Startled, I turned to look in his eyes. They still burned hot with rage and hatred. If he could’ve moved, I think he would’ve spent his last breath trying to strangle me.
It was a terrible way to die, I thought. Feeling like that, being like that. That much anger: It must be like having acid in your heart. God save me from it, I thought. God save me from ever hating anything or anyone that much.
I put my hand on Prince’s shoulder. To be honest, I almost felt sorry for the guy. I did feel sorry for him. Only God knew what had made his life what it was, what had filled him with that kind of passion for destruction. Only God knew and only God could judge. I had stopped him from killing the people above me. That was the job that had fallen to me. Not to hate him, just to stop him. The job was done now. It was enough.
He died a few seconds later. I watched him go. I heard his last breath rattle in his throat. I watched the life leave his eyes. Anyone who’s ever seen that happen will tell you: You can almost see the soul depart. It made me wonder: Did the world look different to him now that he was gone? Was the hatred gone too? I bet if we could see the world from the perspective of the dead, it would look a whole lot different. I bet no one would ever hurt anyone then.
I knelt there and worked the backpack off Prince’s corpse. I opened the flap and looked inside. I could see the solid black object in there, the thing they called “the device.” I closed the pack and looped its strap over my shoulder.
I had to go. I had to get back to Mike. If he was still alive—and he had to be still alive, he had to be—I would get him help, get him to a hospital, even if I had to carry him the whole way.
Toting
Prince’s backpack, I lowered myself off the platform, down to the train tracks. I began jogging back the way I came, back toward Mike. I knew I had to hurry, but I was so exhausted, I stumbled every other step. My mouth was hanging open. My vision was blurred.
I stepped out of the tunnel into the arcade—and a light shone in my eyes. A train, I thought. Heading for me.
But it wasn’t a train. Because then another light shone at me out of the darkness and another.
What now? I thought wearily. If there were any Home-landers left, I was finished. I couldn’t fight anymore.
A voice shouted at me: “Drop the pack, West! Put it down and put your hands up!”
I stopped. Stood there, confused, squinting into the glare of the bobbing lights coming toward me.
“Who’s there?” I asked—I barely had the strength to speak. “Who are you?”
“Police,” said one voice.
“FBI,” said another.
“Put the pack down, West!” yet another voice called. “Put your hands up!”
Blinking with exhaustion, I slipped the pack off my shoulder and dropped it onto the tracks.
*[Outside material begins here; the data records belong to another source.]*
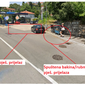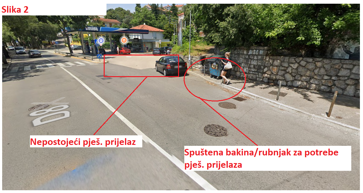 Nadalje, molim da se iscrta pješački prijelaz između nogostupa sa sjeverne strane kolnika i benzinske postaje INA (Slika 2), s obzirom da je prelazak nemoguć a postojeća infrastruktura je očigledno predvidjela pješački prijelaz na toj lokaciji. Napominjem da pješački prijelaz postoji sa druge strane BP.
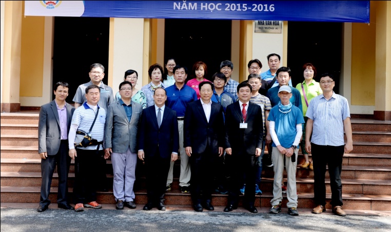Lãnh đạo và sinh viên hai trường chụp ảnh lưu niệm
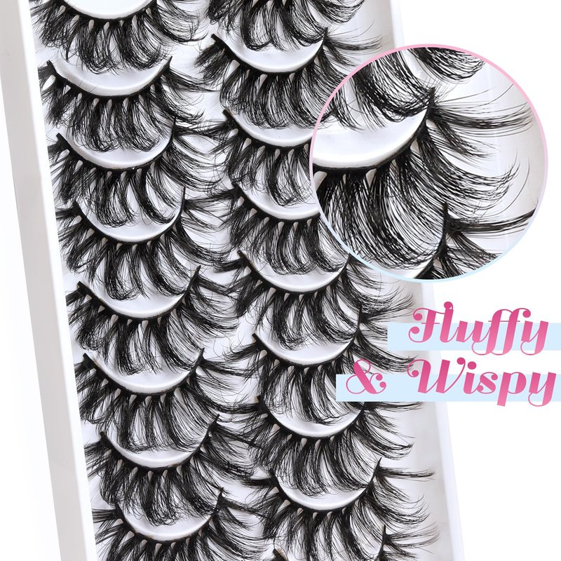 Veleasha Lashes Fluffy Wispy Faux Mink Eyelashes Criss-cross False Lashes 10 Pairs Pack Fake Eyelashes for Women (6D23)
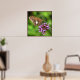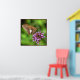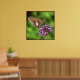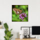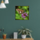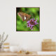 This poster features a Silver Spotted Skipper drinking nectar from verbena blossoms. He is named for the large irregular silver patch on his wing. His colouring is rather dull, shades of brown, gold and orange. His black eyes are huge. The purple, pink and magenta blossoms and luminous green and yellow background lend a magical feeling to this photo.
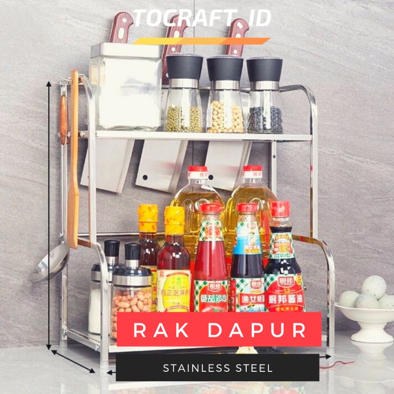 Sale Perlengkapan di Kabupaten Bantul Rak Bumbu Dapur Stainless Steel 2 Tingkat Tempat Peralatan Masak Pisau Gula Garam dari Tocraft.id Kota Tangerang
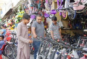 LAHORE: A men is buying an imported sports bicycle at Neela Gaband Cycle Market
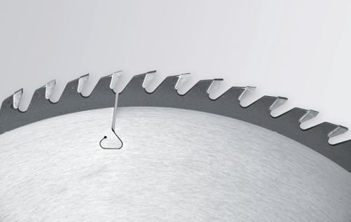 Ulepszona geometria przestrzeni międzyzębowej poprawia także warunki pracy poprzez optymalne odprowadzanie wiórów, co z kolei redukuje hałas. VectorCut są cichsze o około 3 dB(A) od konwencjonalnych pił panelowych.
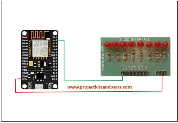 Connections: ESP8266 Board Led Module 5V Vcc(5V) D1 Led pin 1
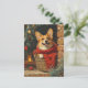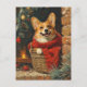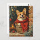 "Faites passer la joie et la joie festive avec notre carte de Noël délicieuse avec un adorable Corgi. Le design charmant capte l'essence de la saison, ce qui en fait la meilleure façon de souhaiter à vos proches un joyeux et des pattes de merveilleuse vacances!"
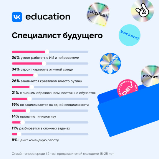 Согласно исследованию VK Education, молодые люди считают, что специалист будущего должен уметь работать с ИИ и нейросетями (36%), строить карьеру в этичной и уважительной среде (28%) и заниматься креативом, а не рутинными задачами (26%). 25% опрошенных зумеров выбирают дополнительное обучение ради карьерных перспектив, но чаще поводом пройти обучение становится пример друзей – об этом сообщили 28% респондентов. Зумеры ради успеха в карьере не готовы мириться с рутиной (30%), токсичной атмосферой (29%) и устаревшими подходами (26%).
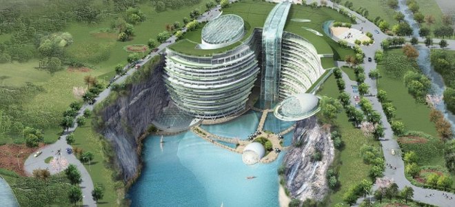 Ενα άκρως εντυπωσιακό και μοναδικό ξενοδοχείο κατασκευάζεται στην Κίνα, μέσα στο κοίλωμα ενός εγκαταλελειμμένου ορυχείου... Η μοναδικότητά του έγκειται στο γεγονός ότι οι από τους 19 συνολικά ορόφους του, μόνο οι τρεις θα βρίσκονται πανω από την επιφάνεια του εδάφους, ενώ οι υπόλοιποι 16... κάτω από αυτή!...
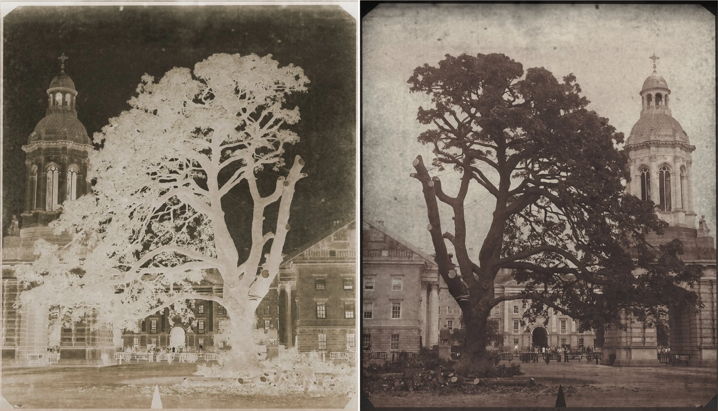 This commission tells the story of two recently felled Oregon Maple trees that hold memories of significant events and histories at the heart of Trinity College Dublin. The accompanying project also suggests a journey through the grounds of Trinity – like a section through its anatomy.
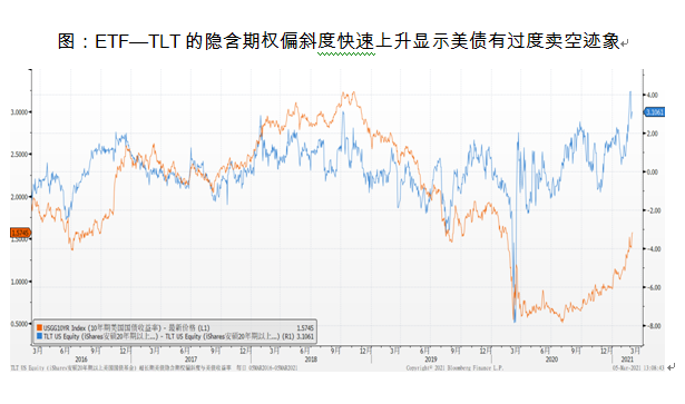 其二,国债的抛售与较低的买盘。2021年1月初,美债收益率升破1%之后,短短2个月,美债收益率就升破1.50%,经济复苏预期使美联储并未积极表示愿意承接下跌的国债,市场缺少买盘,而银行的抛售仍在持续,拥挤的抛盘以及可能的程序化交易,导致美债出现超卖的迹象——超长期美债ETF—TLT的隐含期权偏斜度(Option Skew)快速上升,波动率曲线持续陡峭化,暗示市场对于利率上行的押注处于极值水平(过度卖空)。
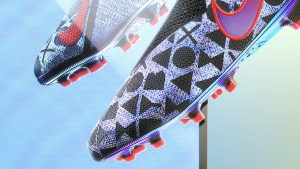 D’un modèle Phantom Vision Elite, l’esthétique est soignée et pensée pour coller à l’univers de EA Sports et de son titre phare, le jeu de foot FIFA 19. Sur la base de crois, de ronds, de triangles ou de carrés sur l’empeigne ; c’est une sorte de rappel des touches de la manette des consoles de la marque Sony, partenaire de l’éditeur canadien. De couleur d’ensemble holographique, surtout sous la semelle, ces chaussures ont le bout des crampons et la Virgule du logo de Nike en rouge.
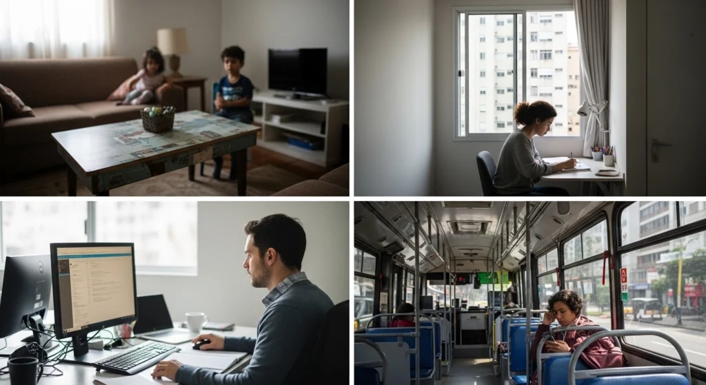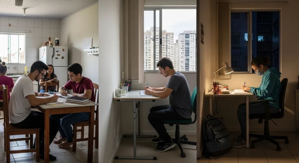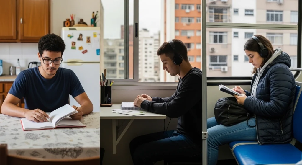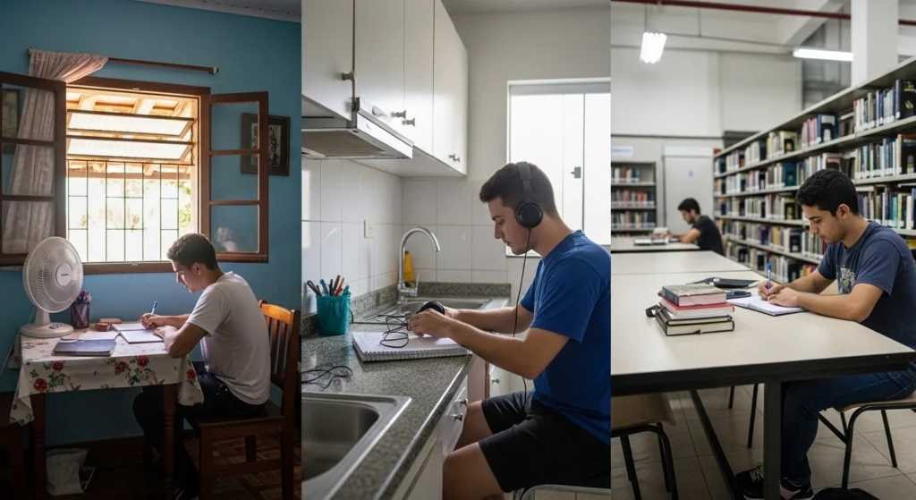 Troque a exigência de silêncio pela regra de “não me chamar” durante o bloco. Use fones, escolha conteúdos que exigem menos leitura em dias mais agitados e planeje revisões em horários naturalmente mais calmos.

I lifted my hands in the air so they could see them. I stood there, swaying unsteadily on my feet.
A moment later, seven men came out of the darkness, all of them carrying flashlights, all of them carrying guns. Four of the men were in uniform—New York Police Department—NYPD. Three other guys were in suits and ties. One of the NYPD patrolmen came forward, took my raised hands and brought them around behind my back. I felt the cold metal of the handcuffs as they snapped around my wrists.
“Mike,” I said. “My friend—Mike. He was shot. He’s hurt.”
One of the plainclothes guys, a tall, broad-shouldered balding man, nodded at me. “Yeah, we found him. Looks like he took a few people with him.”
“He’s dead?”
“Not yet he’s not. He was breathing when we got to him, anyway. He’s being carried out to an EMS unit.”